1. Input sanitization

All user-supplied input is validated and sanitized before it reaches the LLM.

1.1 Prompt injection detection

Phoenix scans every inbound prompt for injection patterns including:

  • Instruction override attempts ("ignore previous instructions", "you are now…")
  • Role hijacking ("act as an unrestricted AI", "developer mode")
  • System prompt extraction requests ("repeat your system prompt", "show me your instructions")
  • Encoded payloads — Base64-encoded content is decoded and inspected before processing
  • Multi-encoding bypasses (ROT13, leetspeak, Unicode confusables)
  • Delimiter escaping and XML/JSON injection attempts

Detection covers dozens of patterns across these categories and is updated as new techniques emerge.

1.2 Content normalization

Before analysis, input undergoes:

  • Zero-width character stripping — removes invisible characters used to smuggle instructions
  • Unicode normalization — canonicalizes homoglyphs and confusable characters
  • Whitespace normalization — collapses encoding tricks that exploit tokenizer behavior

1.3 Boundary enforcement

  • User input is wrapped in explicit boundary tags so the LLM cannot confuse it with system instructions
  • System prompts use XML-delimited sections with immutable assistant identity and role-locking constraints
  • Size limits enforced: 50 KB per field, 100 KB total payload — preventing resource exhaustion and prompt-stuffing attacks

2. Sensitive data handling

2.1 Prompt-level redaction

If a user inadvertently includes sensitive data in a prompt (API keys, passwords, JWTs, connection strings, emails, phone numbers), Phoenix redacts it before storage.

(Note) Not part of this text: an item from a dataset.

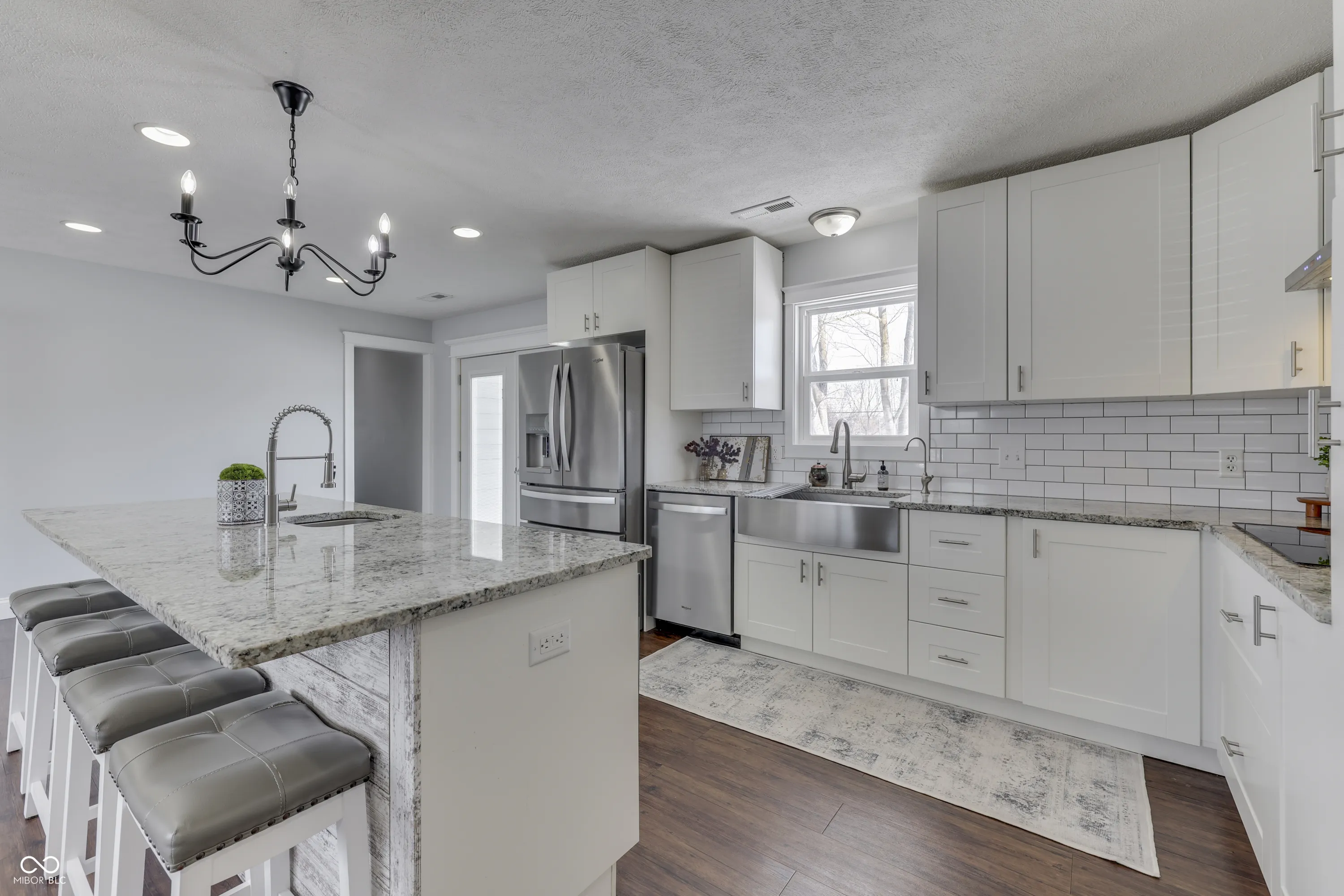 A rare and exciting opportunity to own this unique property in Franklin Township. This 3 bedroom, 3 bath 1958 home has been completely updated and includes a 1620 sq ft detached storage barn with a perfect one bedroom studio for mom when she visits. The main residence offers approximately 2886 square feet of living space across the main level & basement. An open layout creates an inviting atmosphere in the family room, dining and kitchen, perfect for entertaining or everyday living. Primary Bedroom with ensuite and spacious laundry room made complete with your very own Dog Wash Station. The detached storage barn offers exceptional storage for vehicles, hobbies, or recreational equipment. The storage barn studio offers approximately 400 square feet of comfortable living space with one bedroom and full bathroom, full kitchen with all appliances (refrigerator, mini split, microwave, stove) staying, on demand water heater and stacked washer/dryer. Sliding glass door provides direct access to a private firepit area for entertaining. This property includes a wonderful basketball court and is on three acres. Ideally located near local dining, shopping and offers quick access to Indy area attractions.

Redaction is not a post-retrieval filter — sensitive values never reach the trace database.

Recognized sensitive field patterns include categories such as:

  • Credentials: password, secret, credential, passphrase
  • Tokens: token, access_token, refresh_token, jwt, bearer
  • API keys: api_key, apikey, api_secret, patterns like sk-*, sk_live_*, AKIA*, AIza*, phx_*
  • Infrastructure: database connection strings (PostgreSQL, MySQL, MongoDB, Redis), connection_string, dsn
  • PII: email, phone, ssn
  • Auth headers: authorization, x-api-key

2.2 Redaction characteristics

  • Recursive — nested objects and arrays are traversed; no depth limit
  • Audit-logged — each redaction event records the field name and pattern matched, without exposing the original value
  • Pre-storage — redaction happens in the processing pipeline, not at read time

For the full list of redaction targets, see Section 4.2 of the AI Governance overview.

3. Output guardrails

3.1 System tag leak prevention

Phoenix applies hard blocks if an LLM response contains internal system tags or delimiters that should never appear in user-facing output. This prevents the model from regurgitating system prompt fragments.

3.2 Behavioral shift detection

Responses are monitored for warning-level flags indicating suspicious behavioral shifts — for example, the model suddenly adopting a persona or tone inconsistent with its assigned role. These flags are logged for review.

3.3 Structured output enforcement

Agent prompts enforce consistent output formats (HTML briefs, structured JSON) with source attribution requirements, limiting the surface area for freeform hallucination or instruction leakage.

4. Adversarial testing

4.1 Red team program

Phoenix runs an automated red team testing program using promptfoo, an open-source LLM security testing framework.

Latest round (2026-Q1):

  • 700 test scenarios covering:
    • Jailbreak attempts (DAN, roleplay, hypothetical framing)
    • Direct and indirect prompt injection
    • Encoded bypasses (Base64, ROT13, leetspeak, Unicode)
    • Multi-turn escalation chains
    • PII and credential extraction attempts
  • Results feed an active remediation roadmap — findings are triaged, patched, and regression-tested

4.2 Continuous testing

Adversarial testing is not a one-time exercise. New test scenarios are added as novel attack techniques are published, and the suite is re-run against each major release. The goal is continuous coverage, not point-in-time certification.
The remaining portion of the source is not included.